Post Reinforcement Learning Inference
Vasilis Syrgkanis, Ruohan Zhan
TL;DR
The paper addresses post-adaptive data inference for reinforcement learning by formulating the estimation of counterfactual policy values and dynamic treatment effects as semiparametric moment problems.It introduces Adaptively Weighted GMM (AW-GMM), where time-varying adaptive weights $H_i$ stabilize the nonstationary variance induced by evolving behavior policies, enabling consistent estimation and asymptotic normality under a homoscedastic residuals assumption.Key theoretical contributions include explicit $(\alpha_1,\alpha_2)$-regularizing and stabilizing weight schemes, a martingale-based central limit theorem with strong Gaussian approximation, and feasible weight constructions that approximate oracle performance in high-dimensional Markovian RL models.The framework is validated through high-dimensional simulations showing improved coverage and robustness to misspecification, and includes detailed proofs and auxiliary results for identification, consistency, Gaussian approximation, and estimation of nuisance components.
Abstract
We study estimation and inference using data collected by reinforcement learning (RL) algorithms.
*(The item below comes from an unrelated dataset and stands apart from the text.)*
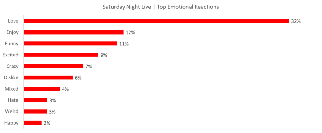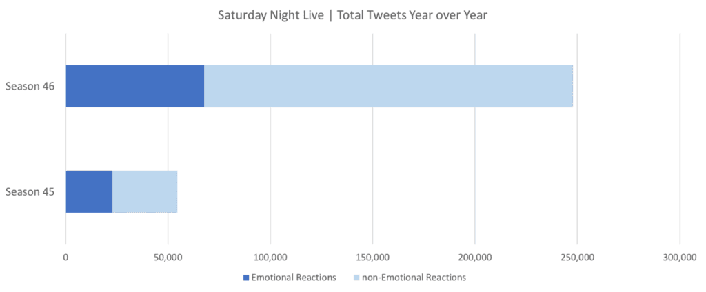 - Emotional Reactions in Season 46’s premiere grew nearly 3x compared to the Season 45 premiere of Saturday Night Live, and total Tweets grew over 5x year over year

These algorithms adaptively experiment by interacting with individual units over multiple stages, updating their strategies based on past outcomes. Our goal is to evaluate a counterfactual policy after data collection and estimate structural parameters, such as dynamic treatment effects, that support credit assignment and quantify the impact of early actions on final outcomes. These parameters can often be defined as solutions to moment equations, motivating moment-based estimation methods developed for static data. In RL settings, however, data are often collected adaptively under nonstationary behavior policies. As a result, standard estimators fail to achieve asymptotic normality due to time-varying variance. We propose a weighted generalized method of moments (GMM) approach that uses adaptive weights to stabilize this variance. We characterize weighting schemes that ensure consistency and asymptotic normality of the weighted GMM estimators, enabling valid hypothesis testing and uniform confidence region construction. Key applications include dynamic treatment effect estimation and dynamic off-policy evaluation.